:: Given records

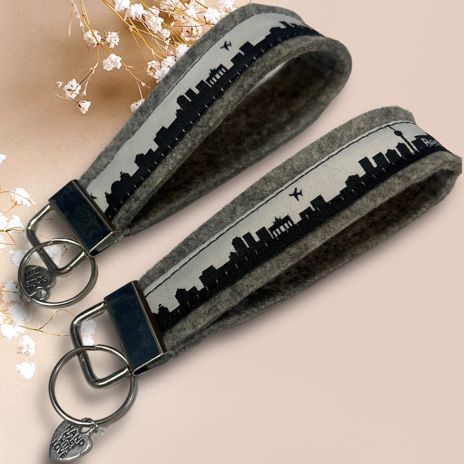 Berlin Schlüsselanhänger Handmade Filz / Ribbon Grau - Schwarz
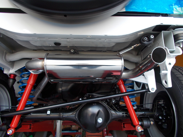 K6Aターボエンジンの能力を最大限発揮させるストレート構造サイレンサーを採用。 外観を損なわず、デパーチャーアングル、及び車体・タイヤとのクリアランスを確保させるため、専用設計センターパイプを採用するとともに、テール径・位置を最適化。さらに、マフラーの揺れを抑えるため、マフラーハンガーについても最適化を行いました。 センターパイプ、及びメインマフラーの素材には腐食に強いステンレスSUS304を採用。 走破性を確保するため、マフラーテール位置をノーマルより高く設定していますので、スズキスポーツウレタンバンパー専用品になります。
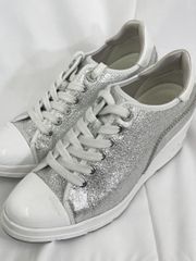 グリッター生地の上にフラワーレースの可愛いパンプスです。色は水色がかかったグレーです。
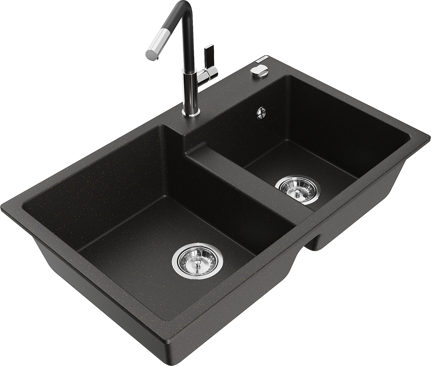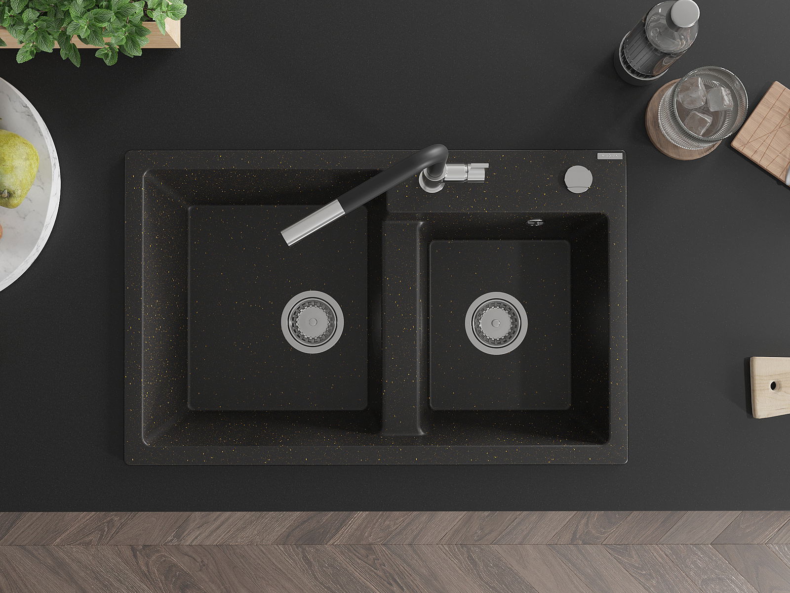 Mexen Tomas gránit mosogató 2-medencés konyhai csappal Flora, fekete/arany metál - 6516-75-670401-07
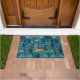 EENHOORN ONDER BLAUWE BLOEMEN Aqua Blue Green Bloe Deurmat
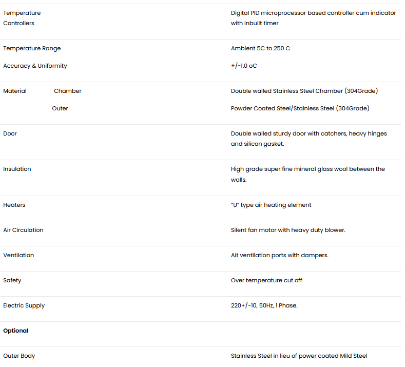 The insulation Gap between the walls is at least 100 mm. and high temperature Ceramic blanket are used as insulation material. The air circulation motor is mounted on side/top of the equipment and the blower is driven by belt pulley attachment. It protects the motor from Heat build upend damage due to it. The temperature variation is around +/- 1% of the set value on higher range. The power supply will be 220/230V AC +- 10% 50 Hz or 440V 3 phase for bigger size as per requirement.
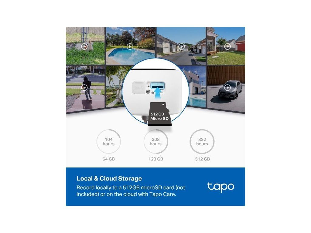 - Úložiště: microSD karta až 512 GB (není součástí balení), cloud Tapo Care
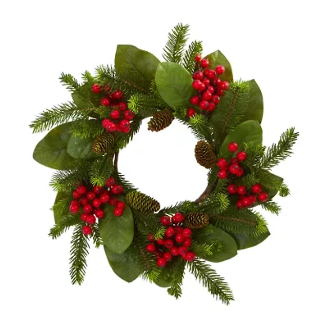 Nearly Natural 19in. Magnolia Leaf; Berry And Pine Wreath
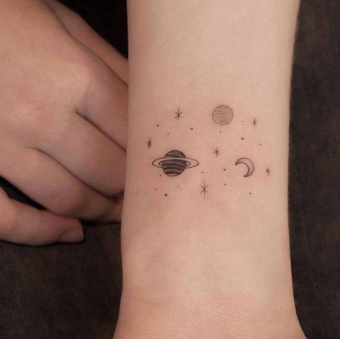 For enthusiasts of stars, the night sky, space, or stargazing, this tattoo might be an ideal choice. Adorning the arm, this tattoo encompasses stars, a moon, and a planet, presenting a trendy and distinctive idea that suits everyone. Whether you choose to recreate this specific design or opt for a similar tattoo with a different planet, adding some color could enhance the boldness of the overall design.
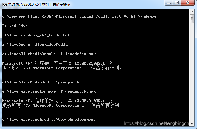nmake -f mediaServer.mak5. 在C:\Program Files (x86)\Microsoft Visual Studio 12.0\Common7\Tools\Shortcuts目录下双击打开” VS2013 x64 本机工具命令提示”,将其定位到E:\live目录下,执行:windows_x64_build.bat,结果如下图所示:四个库可以正常生成,不过testProgs和mediaServer目录下的执行文件总是有问题,报NMAKE : fatal error U1077: “-out:testMP3Streamer.exe”: 返回代码”0x1”,还不知道原因,后面可以通过新建vs工程来生成这些执行文件。
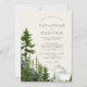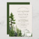 Pinheiros e aspergaminhos com montanhas distantes com neblina... ... ... ... ... ... ... ... ... ... ... ... .... ... ... ... ... ... ... ... ... .... ... ....................................................................................................................................................................... O reverso é um rico verde florestal. Elegante com encanto rústico, estes convites são perfeitos para casamentos externos, montanhas.
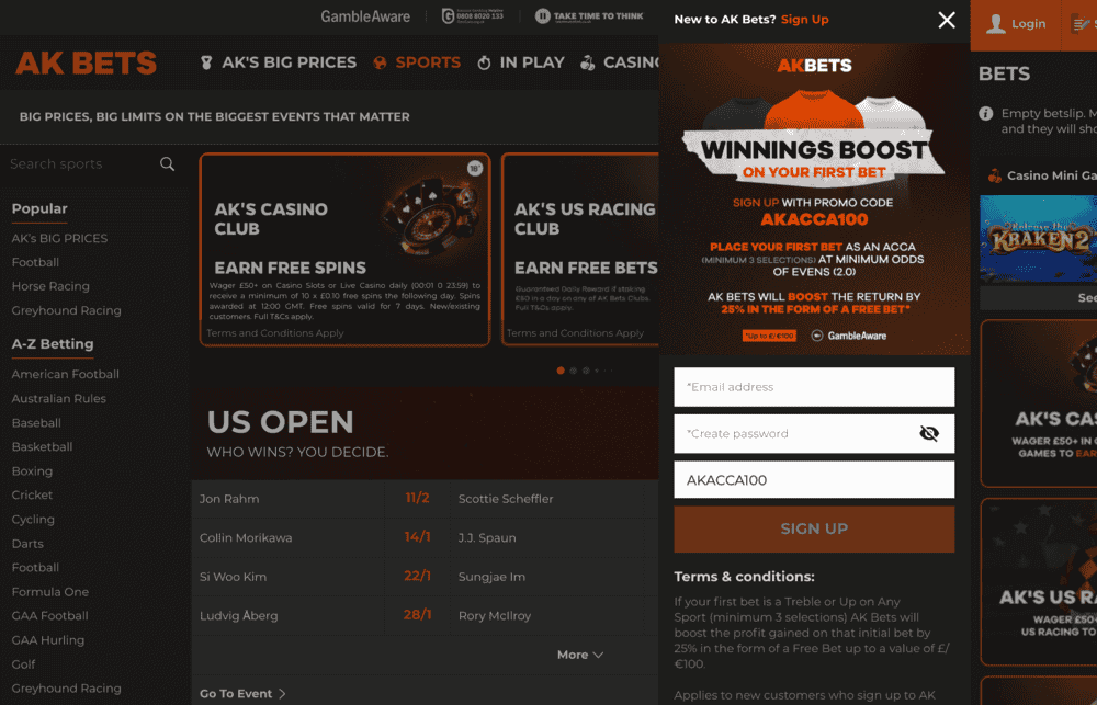 Click ‘sign up’ and a pop-up will appear that asks for your email address. You will also need to create a password. After this, enter the promo code in the appropriate field and join. This is all it takes to become a member of AK Bets.
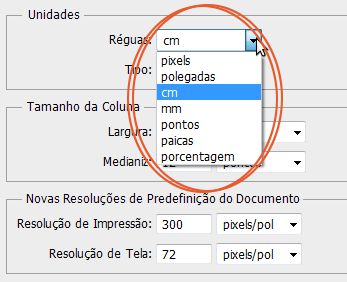 Em Unidades, é possível escolher em qual medida as réguas serão pautadas.
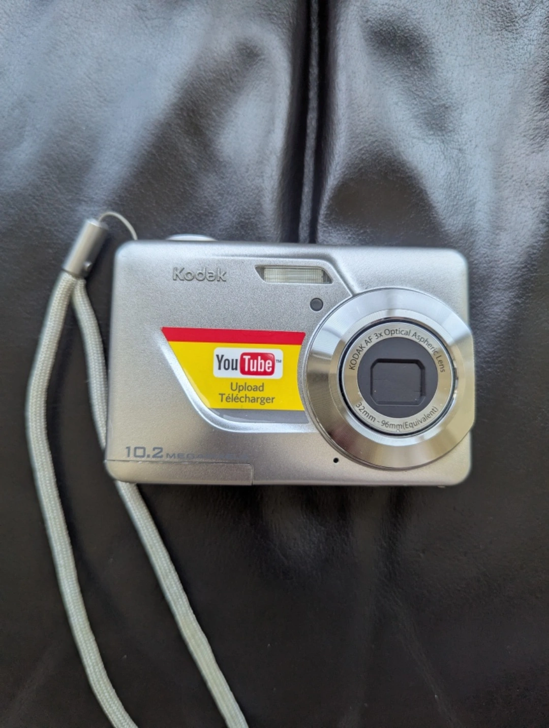 Selling a Kodak digital camera with 10.2 mega pixels. It features a Kodak AF 3x Optical Aspheric lens (32mm-96mm equivalent). It also has a YouTube upload feature.
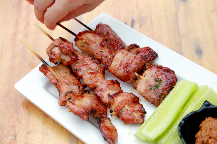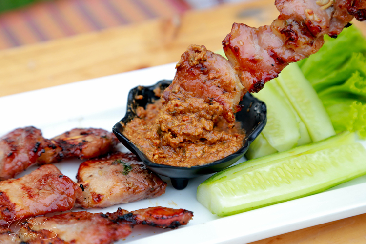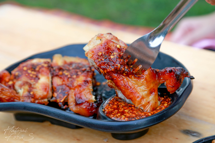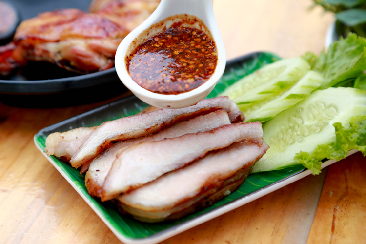แน่นอนอยู่แล้วว่าอีกเมนูที่ขาดไม่ได้ต้องเป็น “ไก่ย่าง” 50 บาท และ “คอหมูย่าง” 80 บาท
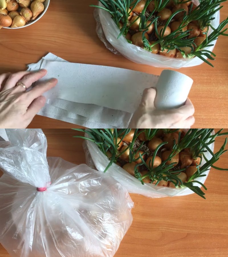 Dzięki temu już 10 dni wcześnie ujrzysz kiełkujące zioła. Kiedy skończysz namaczanie cebulek, musisz dokładnie je osuszyć i umieścić dość ciasno w torebce foliowej wypełnionej mokrymi trocinami (lub innymi elementami, podobnie jak w przypadku poprzedniej metody).
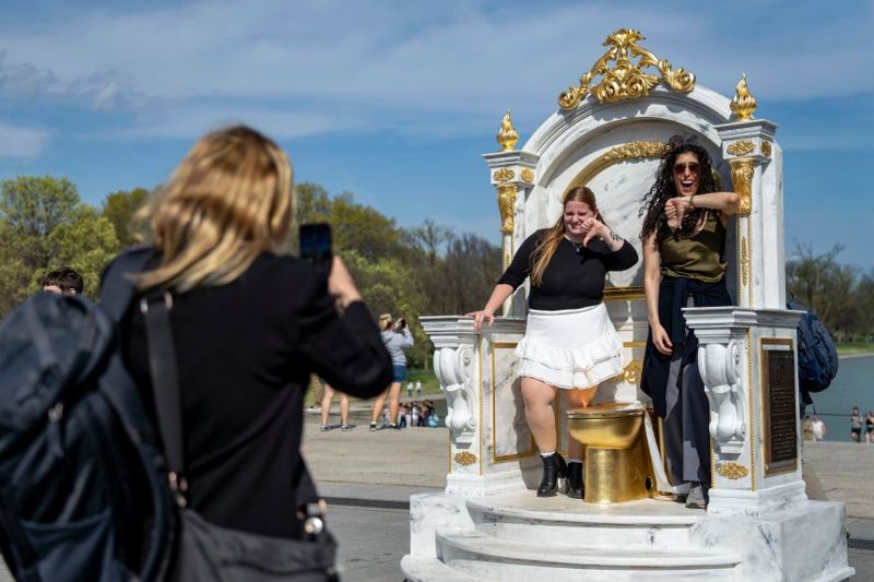 1일 워싱턴포스트(WP) 등 외신에 따르면 관광객들이 많이 찾는 워싱턴DC 내셔널몰에 황금색으로 칠한 변기 조형물이 설치됐다.
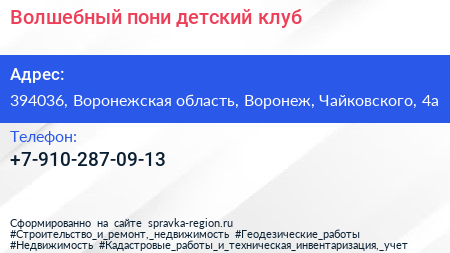 Волшебный пони, детский клуб по адресу 394036, Воронежская область, Воронеж, Чайковского, 4а в дальнейшем Организация, размещена в следующих категориях:
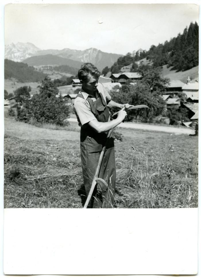 Photographie en noir et blanc représentant un jeune homme qui aiguise sa faux. Cette photographie appartient au Fonds Albert JUSTIN.
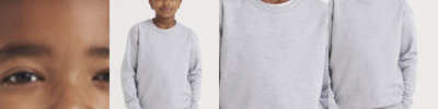 80% ringspun cotton/20% polyester.* Soft cotton faced fabric.Brushed back fleece.Drop shoulder style.Stylish fit.Taped neck.Ribbed collar, cuffs and hem.Name label sewn in side seam.Twin needle stitching.Tear out label.
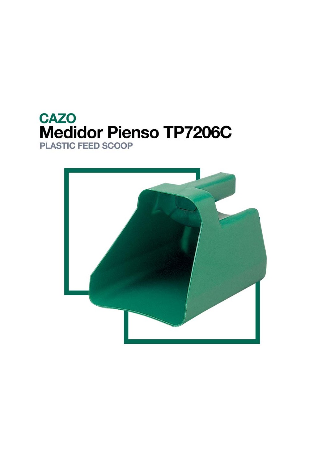 Cazo medidor de pienso de 21.5 cm. de profundidad 14.5 cm. de ancho y 14.5 cm. de alto.
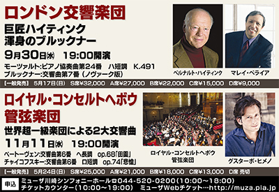11月11日(水)は、2013年にベルリンフィル、ウィーンフィルとともにミューザ「奇跡の一週間」の立役者となった「ロイヤル・コンセルトヘボウ管弦楽団」が2年ぶりの公演を行う。19時開演(18時開場)。

::::

* _The task_
Exactly as written, repeat the lines from the beginning of the entries up to and including the line with "For enthusiasts of", but not the pictures.

* _Response area_
 Berlin Schlüsselanhänger Handmade Filz / Ribbon Grau - Schwarz
 K6Aターボエンジンの能力を最大限発揮させるストレート構造サイレンサーを採用。 外観を損なわず、デパーチャーアングル、及び車体・タイヤとのクリアランスを確保させるため、専用設計センターパイプを採用するとともに、テール径・位置を最適化。さらに、マフラーの揺れを抑えるため、マフラーハンガーについても最適化を行いました。 センターパイプ、及びメインマフラーの素材には腐食に強いステンレスSUS304を採用。 走破性を確保するため、マフラーテール位置をノーマルより高く設定していますので、スズキスポーツウレタンバンパー専用品になります。
 グリッター生地の上にフラワーレースの可愛いパンプスです。色は水色がかかったグレーです。
 Mexen Tomas gránit mosogató 2-medencés konyhai csappal Flora, fekete/arany metál - 6516-75-670401-07
 EENHOORN ONDER BLAUWE BLOEMEN Aqua Blue Green Bloe Deurmat
 The insulation Gap between the walls is at least 100 mm. and high temperature Ceramic blanket are used as insulation material. The air circulation motor is mounted on side/top of the equipment and the blower is driven by belt pulley attachment. It protects the motor from Heat build upend damage due to it. The temperature variation is around +/- 1% of the set value on higher range. The power supply will be 220/230V AC +- 10% 50 Hz or 440V 3 phase for bigger size as per requirement.
 - Úložiště: microSD karta až 512 GB (není součástí balení), cloud Tapo Care
 Nearly Natural 19in. Magnolia Leaf; Berry And Pine Wreath
 For enthusiasts of stars, the night sky, space, or stargazing, this tattoo might be an ideal choice. Adorning the arm, this tattoo encompasses stars, a moon, and a planet, presenting a trendy and distinctive idea that suits everyone. Whether you choose to recreate this specific design or opt for a similar tattoo with a different planet, adding some color could enhance the boldness of the overall design.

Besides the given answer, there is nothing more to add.